Peccato che nel mito, perso nei tempi, si tratti di qualità relative all’integrità del principio divino maschile e femminile e al loro matrimonio alchemico.

Tendiamo a muoverci da un opposto all’altro.
Dall’essere salvate si passa al salvare se stesse.
Da un malinteso al suo contrario. Per logica anch’esso un malinteso.
L’ idea stessa della salvezza costringe nel recinto del peccato originale. Io salvo me stessa ripropone il solito loop. Come ne esco?

Se proprio voglio insistere sulla parola salvezza, è “salvandomi da me stessa” compresa quella che dovrebbe salvarmi, che ne esco.

È allora che la danza del maschile e femminile può essere di nuovo accolta nel darsi naturale sostegno, unendo le differenze che la natura ha donato a entrambe le polarità. Complementarietà più che opposizione.

Ben vengano, dunque, gli uomini che sanno riconoscere e gestire il drago – la bestia – in loro, per donarsi alla donna sollevati dalla meccanicità animale, dall’ ipnosi testosteronica.

È necessario, di nuovo, rileggere i miti, da dentro, secondo l’ intuizione che il principio femminile (presente in entrambi i generi) ci porge.

L’ indipendenza per opposizione, leggibile tra le righe di alcune moderne citazioni liberanti, ripropone quel modello maschile di cui vorrebbe liberarsi. Un po’ come gettare il bambino con l’acqua sporca.

Non è un caso che i Catari, i Cavalieri di un tempo – i Fedeli d’Amore – furono massacrati. Come i Tantrika in Oriente. Sarebbe ingenuo stupirsi se non ci fosse di mezzo la forza sessuale e la sua trasformazione. Il cavaliere, il principe rimanda a quella nobiltà di colui che conosce e domina la forza egoistica e grezza dei lombi per darsi al femminile, esteriore e poi interiore, senza lussuria.
Benedetto il cavaliere allora e il discernimento di una principessa che offre il suo grembo solo per amore poiché di quell’amore è al comando.

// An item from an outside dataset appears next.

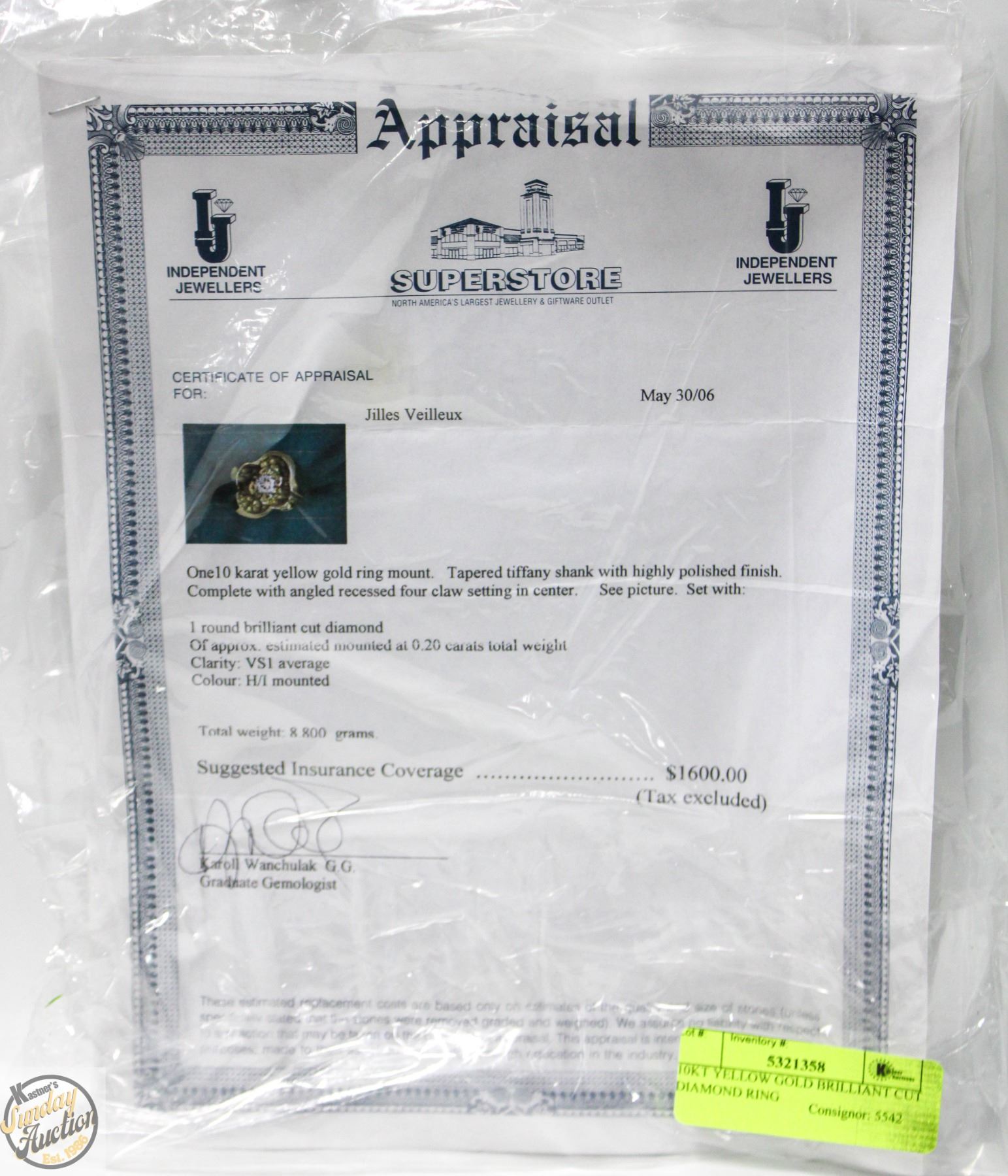 TAPERED TIFFANY SHANK WITH HIGHLY POLISHED FINISH, COMPLETE WITH ANGLED RECESSED FOUR CLAW SETTING IN CENTRE, SET WITH 0.20CT VS1 H/I DIAMOND, TOTAL WEIGHT 8.8GM, COMES WITH 2006 APPRAISAL FROM INDEPENDANT JEWELLERS WITH INSURANCE REPLACEMENT VALUE OF $1,600.00 SIZE 10 **ALL ITEMS MUST BE REMOVED BY 5PM SATURDAY, MAY 17TH 2025. ALL REMAINING ITEMS WILL BE SUBJECT TO A $6.00 PER DAY STORAGE CHARGE. ANY ITEMS REMAINING AFTER MONDAY, JUNE 2ND 2025 WILL BE CONSIDERED FORFEITED. NO REFUNDS WILL BE ISSUED FOR FORFEITED ITEMS. TO SCHEDULE A PICK UP APPOINTMENT CLICK HERE

Un uomo e una donna tantrici, altro che anticaglie!!!
Il sesso senza totalità, consapevolezza, che sono altre parole per amore, preda e fagocita la donna come la cieca e meccanica avidità della Bestia, del Drago. La Principessa dunque non è una stupida fanciulla condizionata ma la dolce ed elevata natura del principio femminile risvegliato e risvegliante.

La donna che dice “faccio tutto da sola” (per carità legittimo e magari bisogna passarci), mi ricorda quella canzone di Gaber che dice: “mi sono fatto tutto da solo, mi sono fatto tutto di merda”.